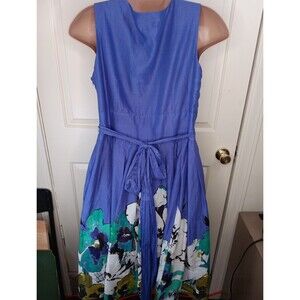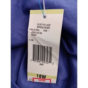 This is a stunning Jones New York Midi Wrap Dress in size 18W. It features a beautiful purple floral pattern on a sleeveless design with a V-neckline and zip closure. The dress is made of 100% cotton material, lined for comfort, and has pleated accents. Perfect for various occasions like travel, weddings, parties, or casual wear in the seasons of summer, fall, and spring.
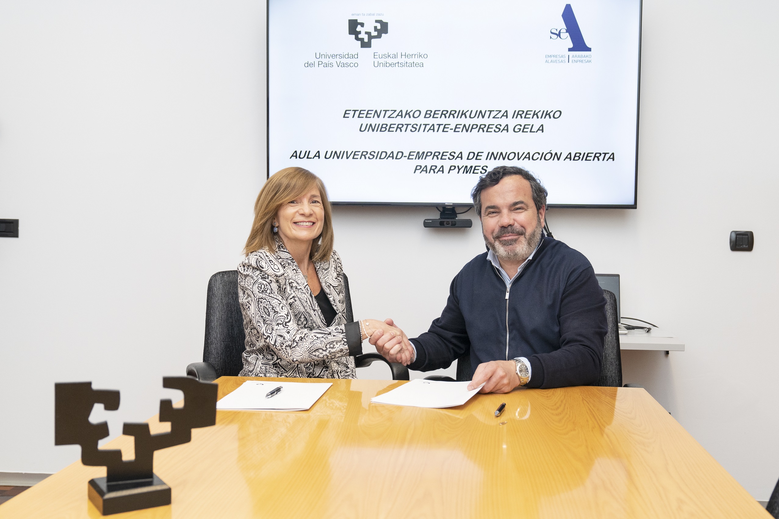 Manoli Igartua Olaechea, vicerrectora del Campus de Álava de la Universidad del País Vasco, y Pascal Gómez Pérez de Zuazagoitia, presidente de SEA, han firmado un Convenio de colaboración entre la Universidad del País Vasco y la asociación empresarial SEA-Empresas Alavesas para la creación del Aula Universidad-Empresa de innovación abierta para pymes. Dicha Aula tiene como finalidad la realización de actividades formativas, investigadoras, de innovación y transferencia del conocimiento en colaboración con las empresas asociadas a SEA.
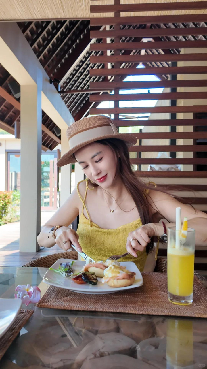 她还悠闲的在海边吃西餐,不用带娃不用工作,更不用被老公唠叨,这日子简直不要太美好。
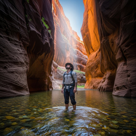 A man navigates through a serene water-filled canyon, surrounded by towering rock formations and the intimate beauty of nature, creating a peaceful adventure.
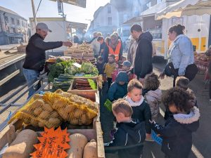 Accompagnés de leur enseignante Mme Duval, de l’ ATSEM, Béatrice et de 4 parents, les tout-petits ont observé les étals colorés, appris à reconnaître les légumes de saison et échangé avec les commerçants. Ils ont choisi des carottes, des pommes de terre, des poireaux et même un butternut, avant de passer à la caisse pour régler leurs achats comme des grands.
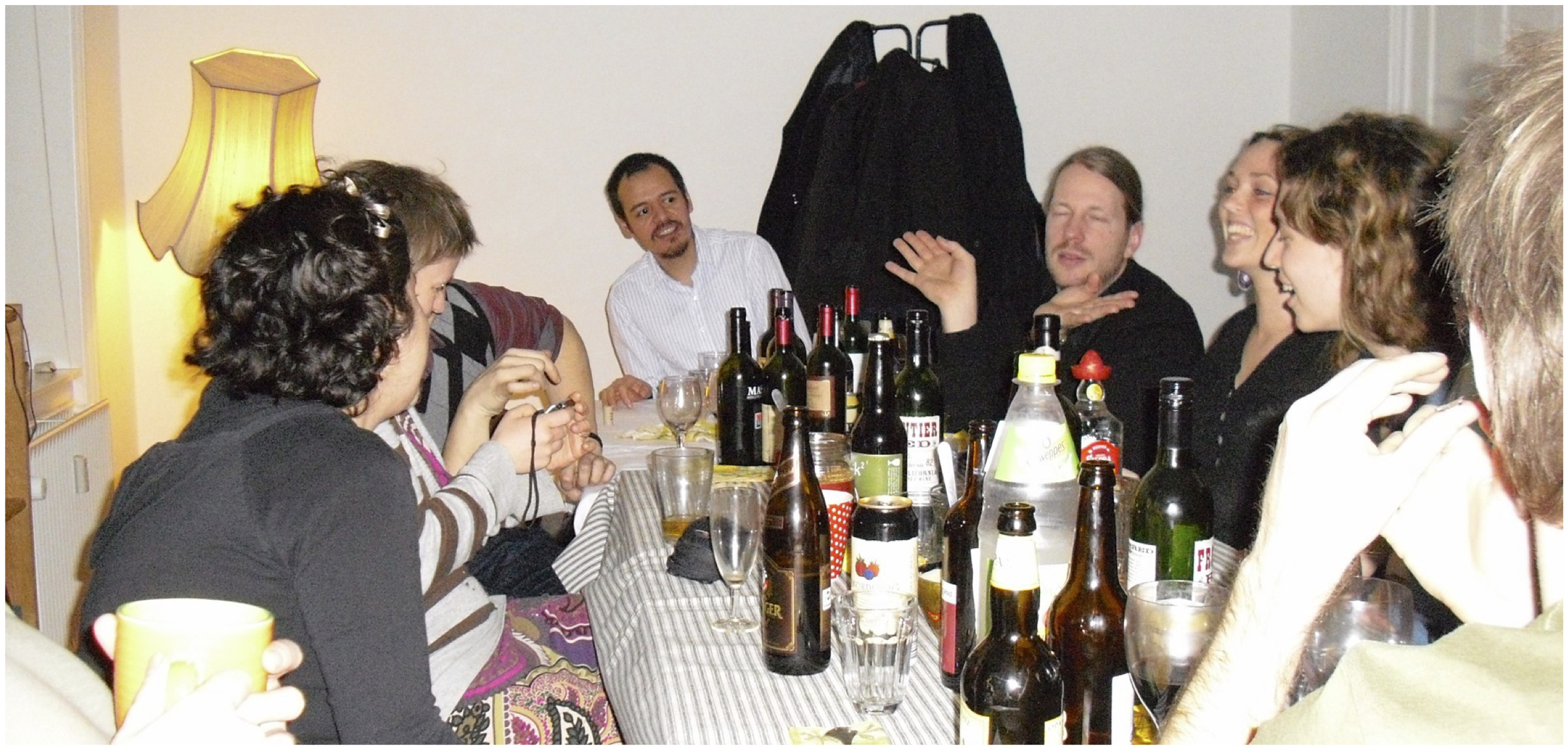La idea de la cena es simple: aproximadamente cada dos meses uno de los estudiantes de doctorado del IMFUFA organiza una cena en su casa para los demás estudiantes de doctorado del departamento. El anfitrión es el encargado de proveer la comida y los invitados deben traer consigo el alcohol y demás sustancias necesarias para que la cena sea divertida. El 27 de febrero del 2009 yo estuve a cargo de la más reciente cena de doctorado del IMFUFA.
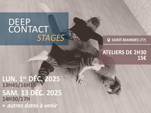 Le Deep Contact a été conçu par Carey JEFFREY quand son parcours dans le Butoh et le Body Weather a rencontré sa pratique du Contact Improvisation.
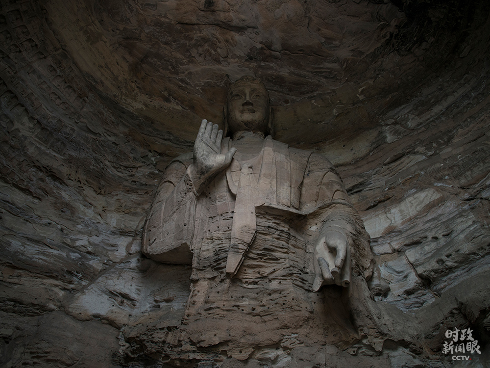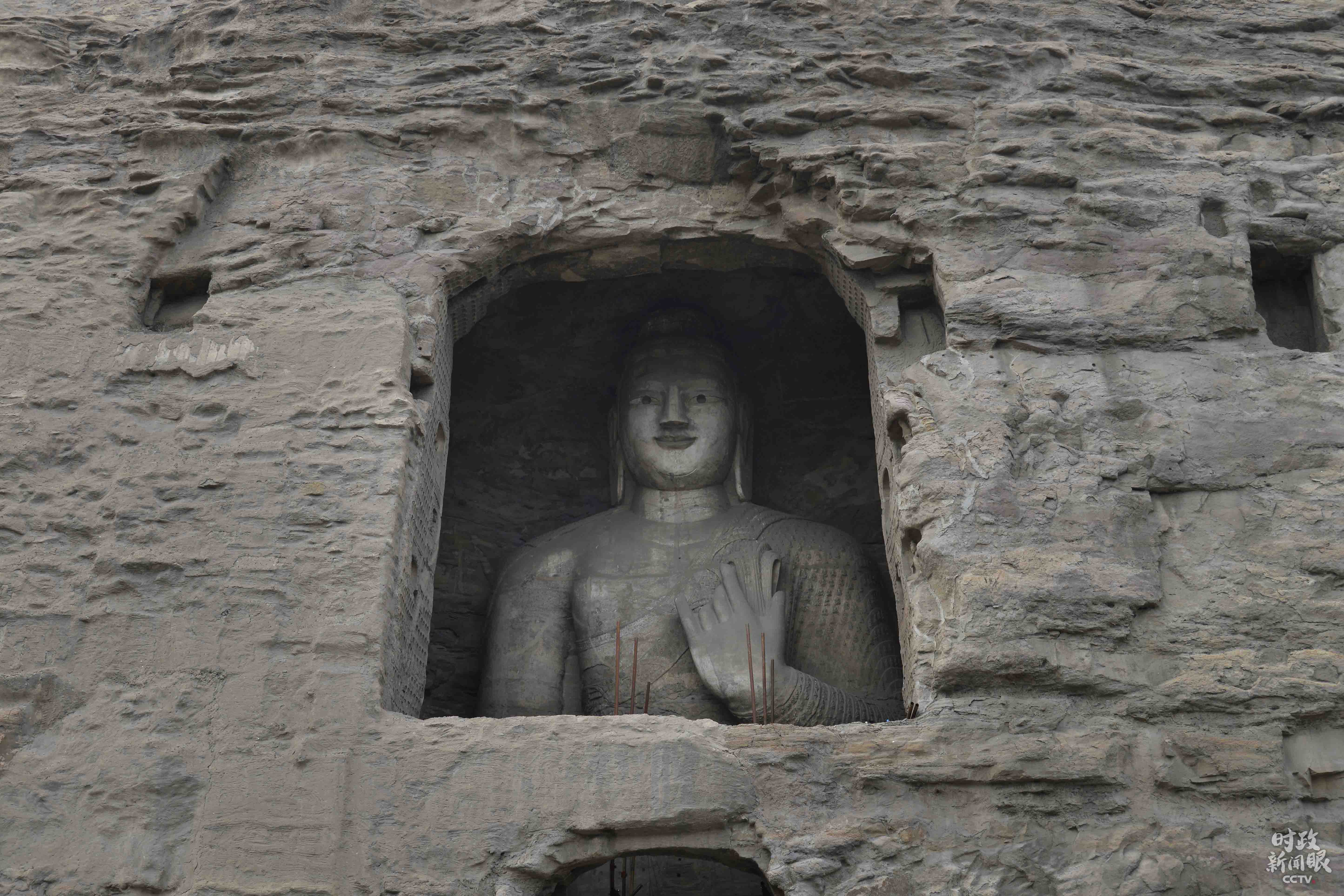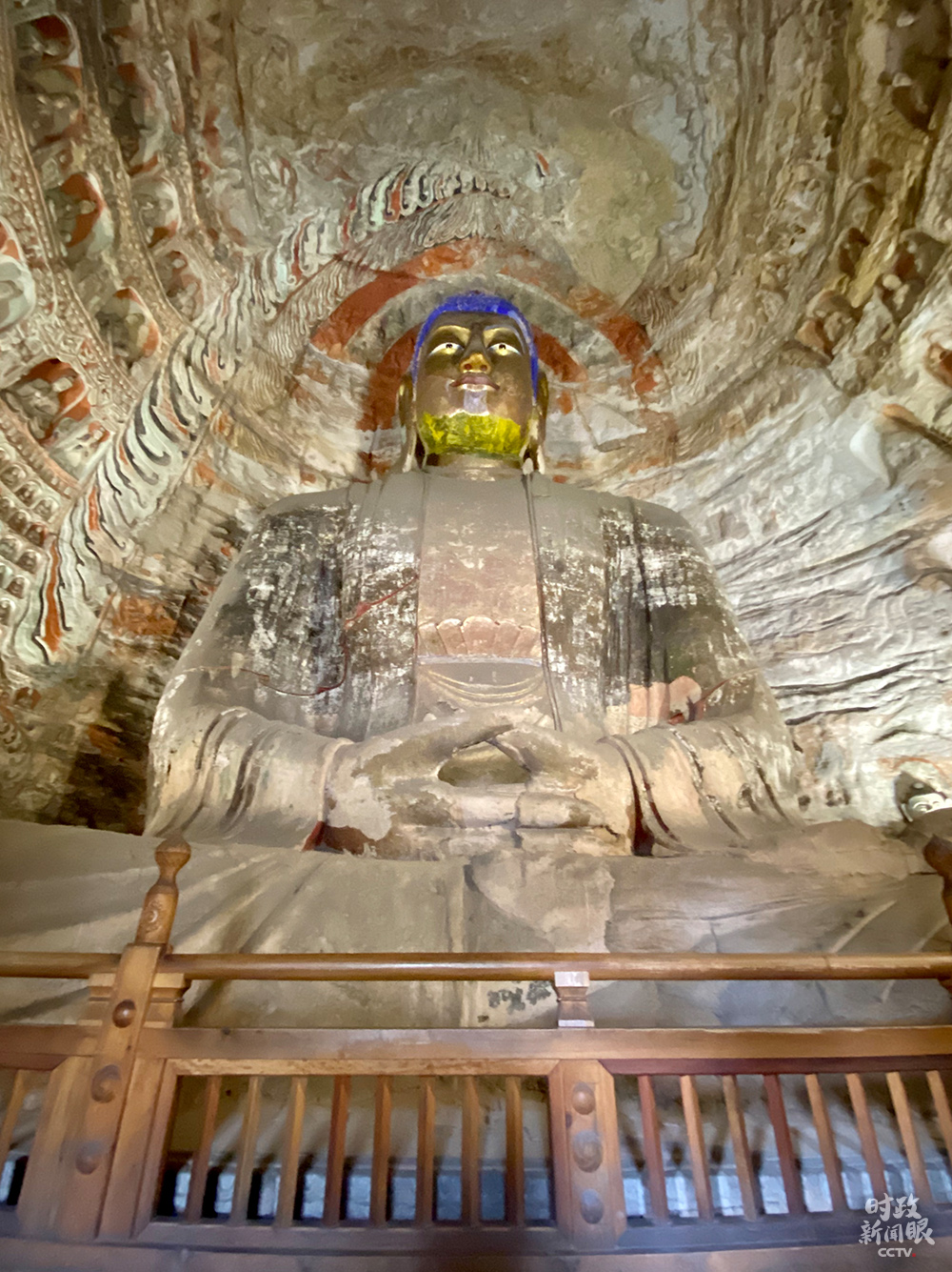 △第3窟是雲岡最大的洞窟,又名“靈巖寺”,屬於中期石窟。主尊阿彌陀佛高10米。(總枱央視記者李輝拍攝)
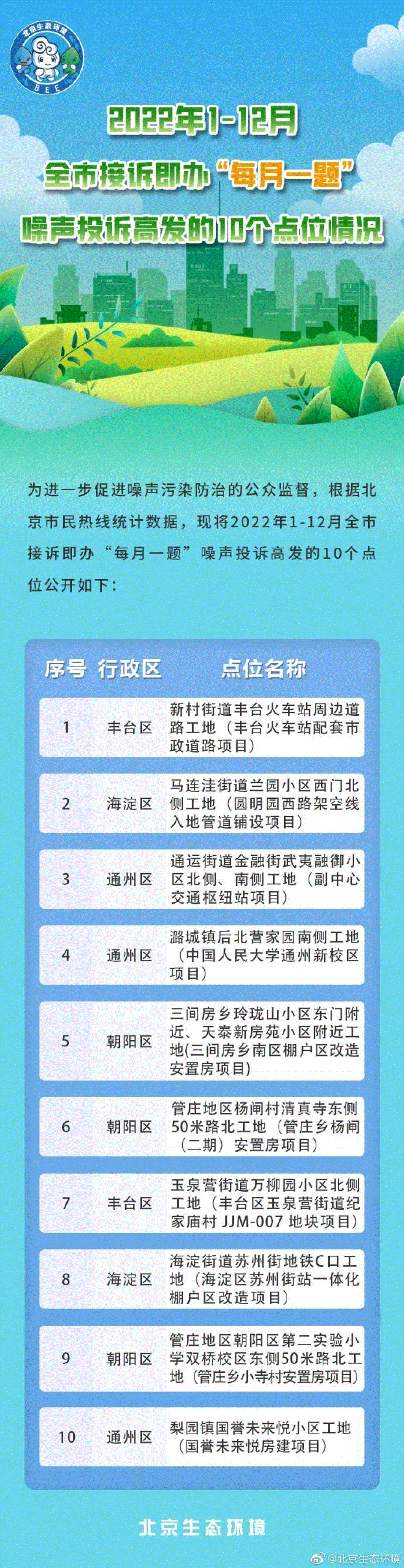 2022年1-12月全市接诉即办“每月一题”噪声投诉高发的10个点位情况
------------------------------------------------
• [What to work on]: With the pictures removed, set down every line of the listing above exactly.

• [Solution to this task]:
 This is a stunning Jones New York Midi Wrap Dress in size 18W. It features a beautiful purple floral pattern on a sleeveless design with a V-neckline and zip closure. The dress is made of 100% cotton material, lined for comfort, and has pleated accents. Perfect for various occasions like travel, weddings, parties, or casual wear in the seasons of summer, fall, and spring.
 Manoli Igartua Olaechea, vicerrectora del Campus de Álava de la Universidad del País Vasco, y Pascal Gómez Pérez de Zuazagoitia, presidente de SEA, han firmado un Convenio de colaboración entre la Universidad del País Vasco y la asociación empresarial SEA-Empresas Alavesas para la creación del Aula Universidad-Empresa de innovación abierta para pymes. Dicha Aula tiene como finalidad la realización de actividades formativas, investigadoras, de innovación y transferencia del conocimiento en colaboración con las empresas asociadas a SEA.
 她还悠闲的在海边吃西餐,不用带娃不用工作,更不用被老公唠叨,这日子简直不要太美好。
 A man navigates through a serene water-filled canyon, surrounded by towering rock formations and the intimate beauty of nature, creating a peaceful adventure.
 Accompagnés de leur enseignante Mme Duval, de l’ ATSEM, Béatrice et de 4 parents, les tout-petits ont observé les étals colorés, appris à reconnaître les légumes de saison et échangé avec les commerçants. Ils ont choisi des carottes, des pommes de terre, des poireaux et même un butternut, avant de passer à la caisse pour régler leurs achats comme des grands.
La idea de la cena es simple: aproximadamente cada dos meses uno de los estudiantes de doctorado del IMFUFA organiza una cena en su casa para los demás estudiantes de doctorado del departamento. El anfitrión es el encargado de proveer la comida y los invitados deben traer consigo el alcohol y demás sustancias necesarias para que la cena sea divertida. El 27 de febrero del 2009 yo estuve a cargo de la más reciente cena de doctorado del IMFUFA.
 Le Deep Contact a été conçu par Carey JEFFREY quand son parcours dans le Butoh et le Body Weather a rencontré sa pratique du Contact Improvisation.
 △第3窟是雲岡最大的洞窟,又名“靈巖寺”,屬於中期石窟。主尊阿彌陀佛高10米。(總枱央視記者李輝拍攝)
 2022年1-12月全市接诉即办“每月一题”噪声投诉高发的10个点位情况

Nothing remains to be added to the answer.